When launching a VM, Incus provides by default 1GiB RAM and 10GiB of disk space. The disk space is generally OK, but the RAM is too little for a desktop image (it's OK for non-desktop images). For example, for an Ubuntu desktop image, the instance requires about 1.2GB of memory to start up and obviously more to run other programs. Therefore, if we do not specify more RAM, then the VM would struggle to make do of the mere 1GiB of RAM.

Booting the Ubuntu desktop image on Incus

Here is the command to launch a desktop image. We use incus launch to launch the image. It's a VM, hence --vm. We are using the image from the images: remote, the one called ubuntu/plucky/desktop (it's the last from the list of the previous section). We configure a new limit for the memory usage, -c limits.memory=3GiB, so that the instance will be able to run successfully. Finally, the console is not textual but graphical. We specify that with --console=vga which means that Incus will launch the remote desktop utility for us.

$ incus launch --vm images:ubuntu/plucky/desktop mydesktop -c limits.memory=3GiB --console=vga
Launching mydesktop

Here is a screenshot of the new window with the running desktop virtual machine.

Screenshot of images:ubuntu/plucky/desktop

Now we closed the wizard.

Screenshot of images:ubuntu/plucky/desktop after we close the wizard.

Booting the ArchLinux desktop image on Incus

I cannot get this image to show the desktop. If someone can make this work, please post in a comment.

$ incus launch --vm images:archlinux/desktop-gnome mydesktop -c limits.memory=3GiB --console=vga -c security.secureboot=false
Launching mydesktop

Booting the OpenSUSE desktop image on Incus

$ incus launch --vm images:opensuse/15.5/desktop-kde mydesktop -c limits.memory=3GiB --console=vga
Launching mydesktop

Troubleshooting

I closed the desktop window but the VM is running. How do I get it back up?

If you closed the Remote Viewer window, you can get Incus to start it again with the following command. By doing so, you are actually reconnecting back to the VM and continue working from where you left off.

We are using the incus console action to connect to the running mydesktop instance and request access through the Remote Viewer (rather than a text console).

$ incus console mydesktop --type=vga

Error: This console is already connected. Force is required to take it over.

You are already connected to the desktop VM with the Remote Viewer and you are trying to connect again. Either go to the existing Remote Viewer window, or add the parameter --force to close the existing Remote Viewer window and open a new one.

Error: Instance is not running

You are trying to connect to a desktop VM with the Remote Viewer but the instance (which already exists) is not running. Use the action incus start to start the virtual machine, along with the --type=vga parameter to get Incus to launch the Remote Viewer for you.

$ incus start mydesktop --console=vga

I get no audio from the desktop VM! How do I get sound in the desktop VM?

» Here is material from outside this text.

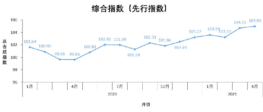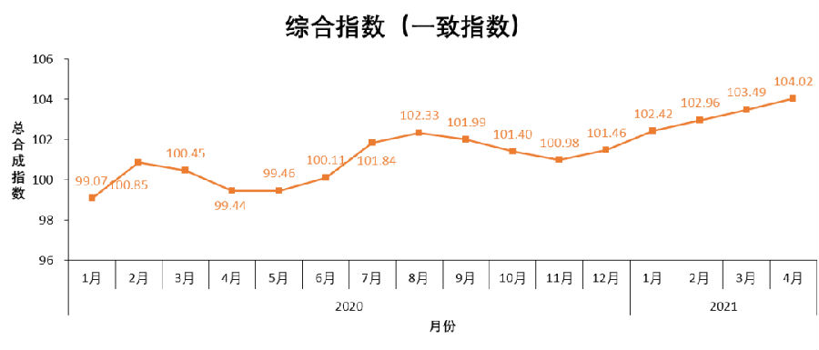 4、4月份運營能力一致指數(shù)2021年4月份的值為104.01點,較上月基本持平。

This requires extra steps which I do not show yet. There are three options. The first is to use the QEMU device emulation to emulate a sound device in the VM. The second is to somehow push an audio device into the VM so that this audio device is used exclusively in the VM (have not tried this but I think it's possible). The third and perhaps best option is to use network audio with PulseAudio/Pipewire. You enable network audio on your desktop and then configure the VM instance to connect to that network audio server. I have tried that and it worked well for me. The downside is that the Firefox snap package in the VM could not figure out that there is network audio there and I could not get audio in that application.

How do I shutdown the desktop VM?

Use the desktop UI to perform the shutdown. The VM will shut down cleanly.

Error: Failed instance creation: The image used by this instance is incompatible with secureboot. Please set security.secureboot=false on the instance

You tried to launch a virtual machine with SecureBoot enabled but the image does not support SecureBoot. You need to disable SecureBoot when you launch this image. The instance has been created but is unable to run unless you disable SecureBoot. You can either disable SecureBoot through an Incus configuration for this image, or just delete the instance, and try again with the parameter -c security.secureboot=false.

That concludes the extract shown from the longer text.